Defendants contend that both fraud claims against them fail because of the lack of reasonable reliance pled by plaintiffs. They assert that the Foundation is a sophisticated investor, whose chair and founder runs an investment company holding almost $4 billion in assets. The Foundation does not claim to have performed any due diligence before investing in this too-good-to-be-true venture (Memo at 14). "New York law imposes an affirmative duty on sophisticated investors to protect themselves from misrepresentations made during business acquisitions by investigating the details of the transactions and the business they are acquiring" (Glob. Minerals and Metals Corp. v Holme, 35 AD3d 93, 100 [1st Dept 2006]).
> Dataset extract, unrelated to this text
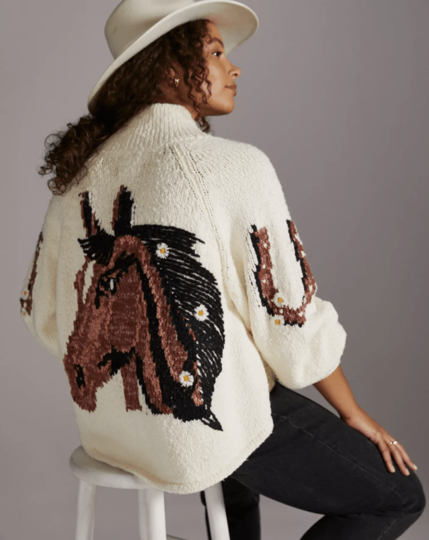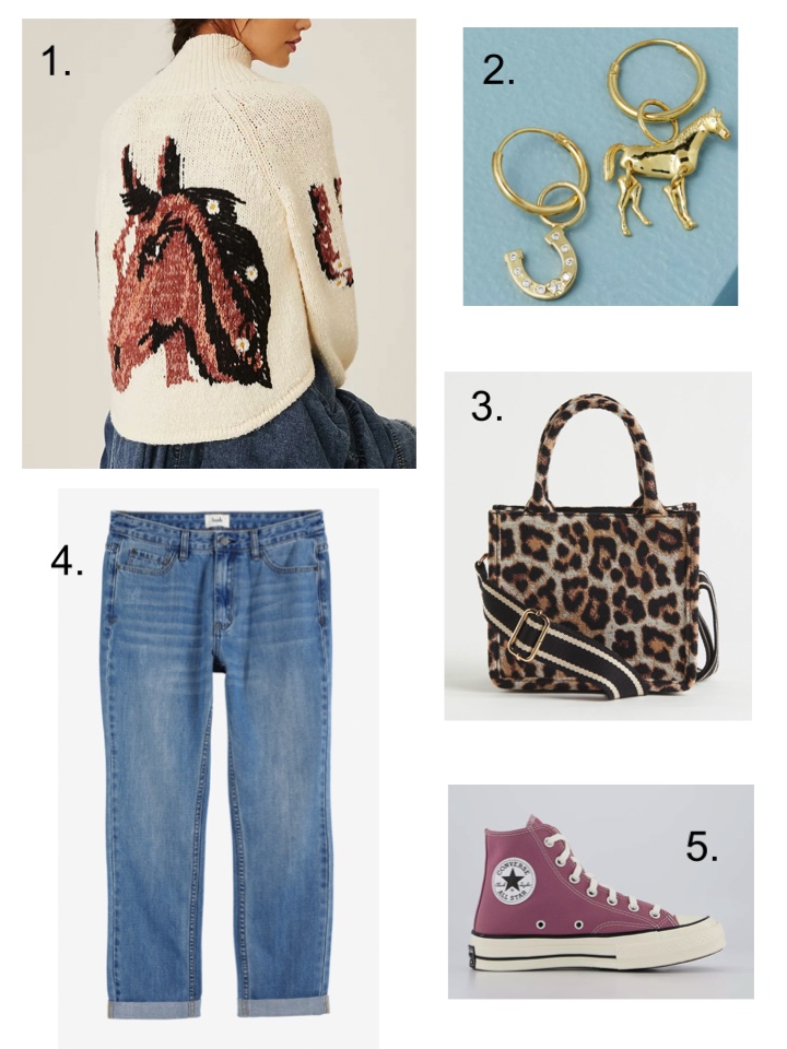 Popped into Anthropologie the other week. It’s always a very dangerous place for me. I have a cupboard full of monogrammed mugs to prove it. It’s the grown-up version of Urban Outfitters (same company) and I very rarely leave empty-handed. This horse cardigan called to me and, despite the fact I’m scared of horses and I don’t need any more cardis, it came home with me and I love it.

After investing, when plaintiffs finally sought to speak with John Nelson, the fraud quickly unraveled.

Plaintiffs contend the question of reasonable reliance is one of fact and must await trial (Opp at 15). A duty of inquiry is the exception, rather than the rule (id., citing Memo at 10). Accordingly, there is a threshold inquiry as to whether the duty of inquiry exists, and that inquiry requires the fact-intensive process of understanding the underlying transaction (Opp at 15, citing (id.). Whether the particular transaction falls within the range of transactions in which [the principal] or similarly situated institutions normally engage" (Marathon Enterprises, Inc. v Schroter Gmbh & Co. KG, 95 Fed Appx 364, 368 [2d Cir 2004]). The question of whether the plaintiffs' pre-investment due diligence was reasonable is not appropriate for resolution on a motion to dismiss (Opp at 16). In any event, having heard Caspersen's pitch, the Foundation responded prior to investing with questions, which Caspersen answered to its satisfaction, and presented facially valid documents that bore no indicia of fraud (id. at 17-18).
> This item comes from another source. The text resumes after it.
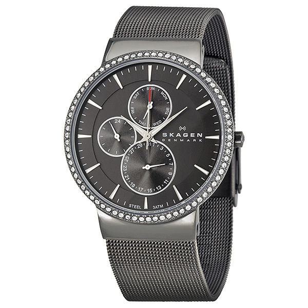 Gray (carbon coated) stainless steel case with a grey stainless steel mesh bracelet. Fixed bezel set with Swarovski crystals. Gray dial with silver-tone hands and index hour markers. Minute markers around the outer rim. Dial Type: Analog. Three multi-function sub-dials displaying: 24 hours, date and day of the week. Quartz movement. Scratch resistant mineral crystal. Solid case back. Case diameter: 37mm. Case thickness: 8 mm. Round case shape. Band width: 20 mm. Fold over clasp with safety release. Water resistant at 30 meters / 100 feet. Functions: date, day, 24 hour, hour, minute, second. Casual watch style. Skagen Multi-Function Grey Dial Crystal Bezel Ladies Watch 357XLMM

At this stage of the case, plaintiff must only allege it "has taken reasonable steps to protect itself against deception (id. at 22, quoting Basis Yield Alpha Fund Master v Stanley, 136 AD3d 136, 141 [1st Dept 2015]). Whether plaintiffs' reliance was justifiable is a question of fact for the jury. The Foundation does not deny being sophisticated. However, its sophistication was more than matched by the sophistication of Caspersen's fraud, his use of the legitimate Irving Place transaction and his position with PJT to mask the fraud (Opp at 22-23).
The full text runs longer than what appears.